DATA FOR PROCESSING:

□ □ □ □ □ □ □

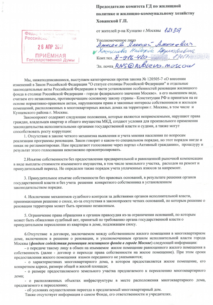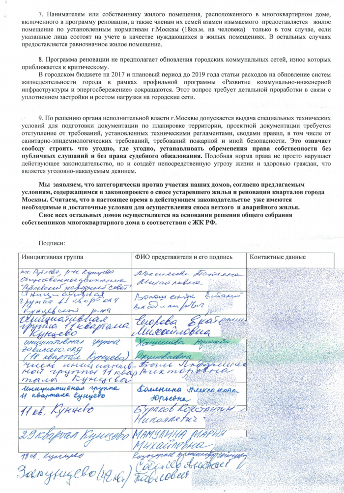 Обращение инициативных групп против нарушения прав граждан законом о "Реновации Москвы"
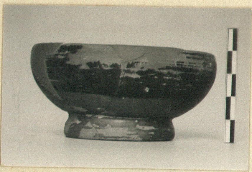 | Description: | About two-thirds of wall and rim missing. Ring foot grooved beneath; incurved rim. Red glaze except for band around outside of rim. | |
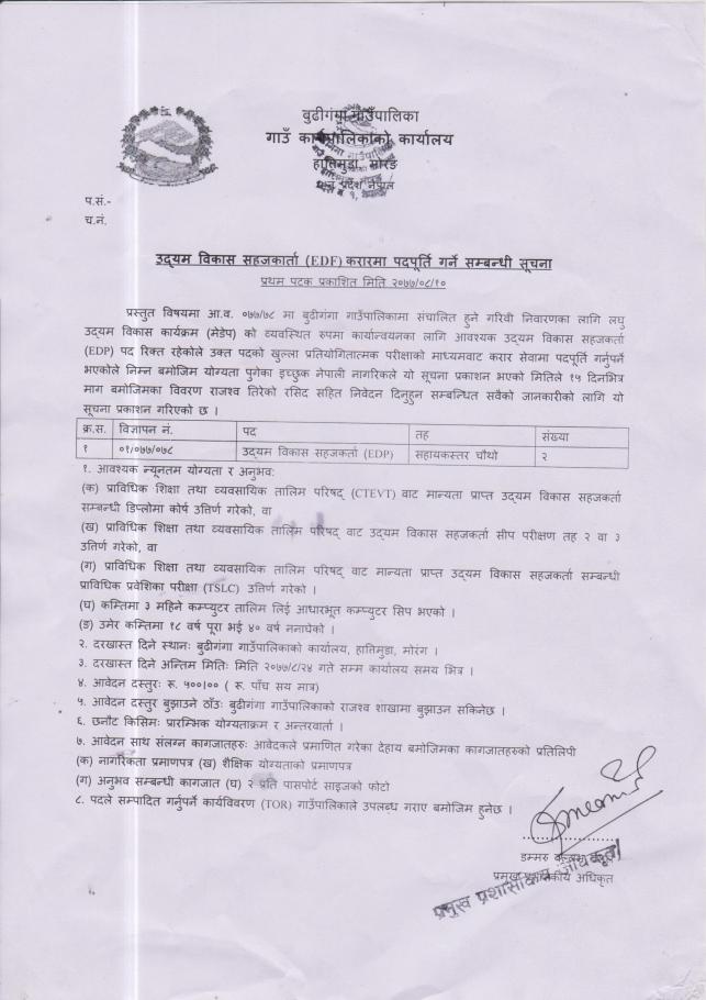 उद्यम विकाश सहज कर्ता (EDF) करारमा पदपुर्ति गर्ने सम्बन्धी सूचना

□ □ □ □ □ □ □

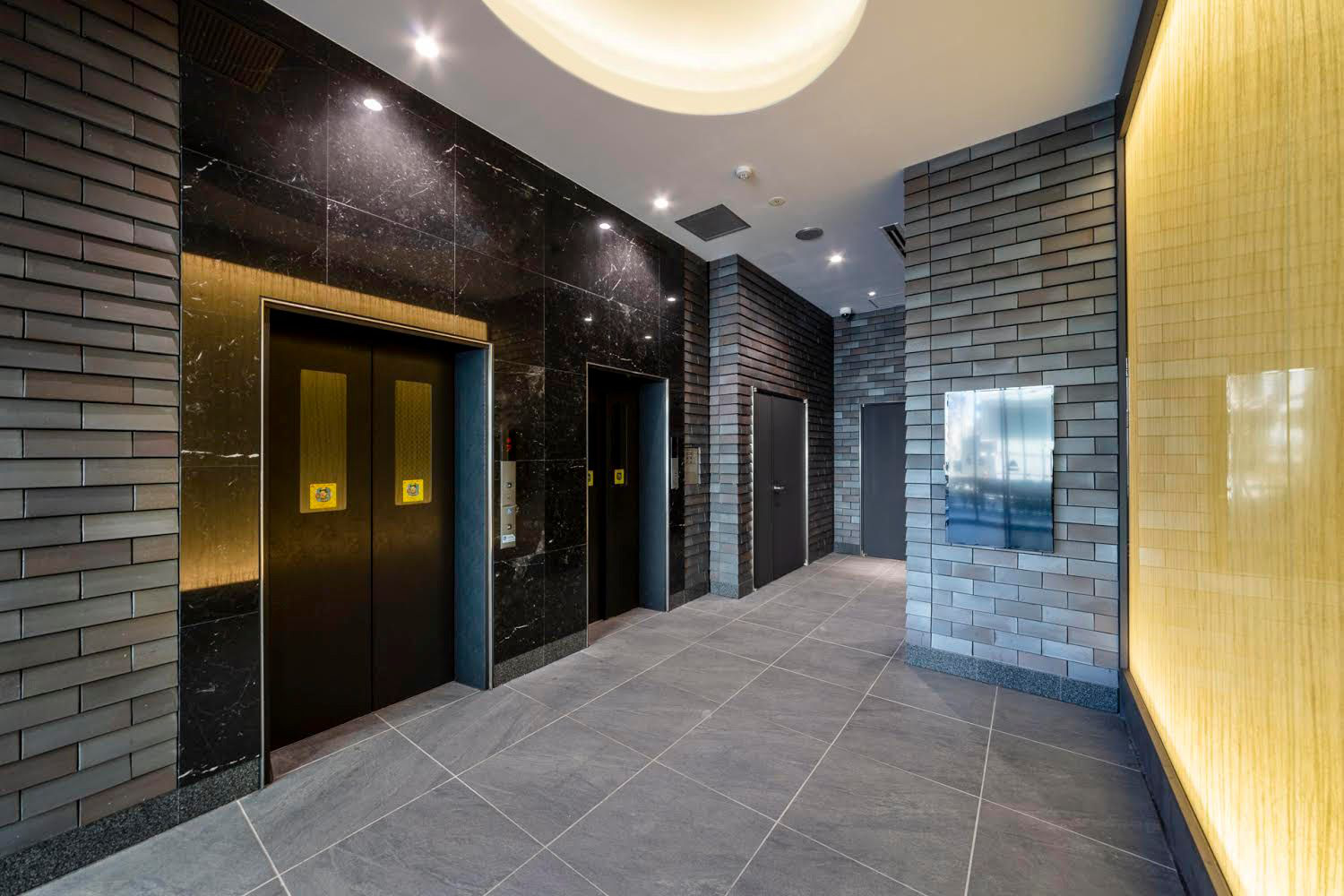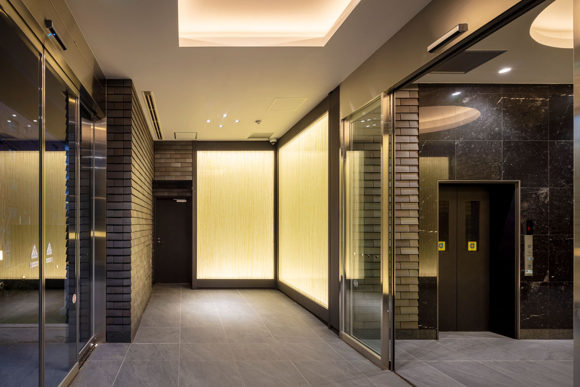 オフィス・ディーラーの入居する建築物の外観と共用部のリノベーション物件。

□ □ □ □ □ □ □

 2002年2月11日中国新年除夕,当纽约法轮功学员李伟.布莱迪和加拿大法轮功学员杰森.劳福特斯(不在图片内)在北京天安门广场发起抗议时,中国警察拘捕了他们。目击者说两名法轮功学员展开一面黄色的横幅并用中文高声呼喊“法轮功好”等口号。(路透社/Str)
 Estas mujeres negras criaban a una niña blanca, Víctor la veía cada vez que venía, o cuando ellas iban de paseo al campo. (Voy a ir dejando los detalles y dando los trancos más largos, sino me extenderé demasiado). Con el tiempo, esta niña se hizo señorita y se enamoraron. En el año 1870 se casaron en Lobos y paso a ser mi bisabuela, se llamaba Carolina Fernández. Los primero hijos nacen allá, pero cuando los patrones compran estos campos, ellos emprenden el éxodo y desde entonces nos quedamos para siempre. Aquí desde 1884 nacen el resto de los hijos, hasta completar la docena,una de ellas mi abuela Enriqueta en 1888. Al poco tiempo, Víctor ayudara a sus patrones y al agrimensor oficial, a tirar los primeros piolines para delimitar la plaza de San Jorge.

□ □ □ □ □ □ □

ABOUT THIS TASK: Nothing except the lines from the one containing "Обращение инициативных групп" through the one containing "उद्यम विकाश सहज" should appear in the answer, exactly as above and without pictures.

ANSWER TO THE EXERCISE:
 Обращение инициативных групп против нарушения прав граждан законом о "Реновации Москвы"
 | Description: | About two-thirds of wall and rim missing. Ring foot grooved beneath; incurved rim. Red glaze except for band around outside of rim. | |
 उद्यम विकाश सहज कर्ता (EDF) करारमा पदपुर्ति गर्ने सम्बन्धी सूचना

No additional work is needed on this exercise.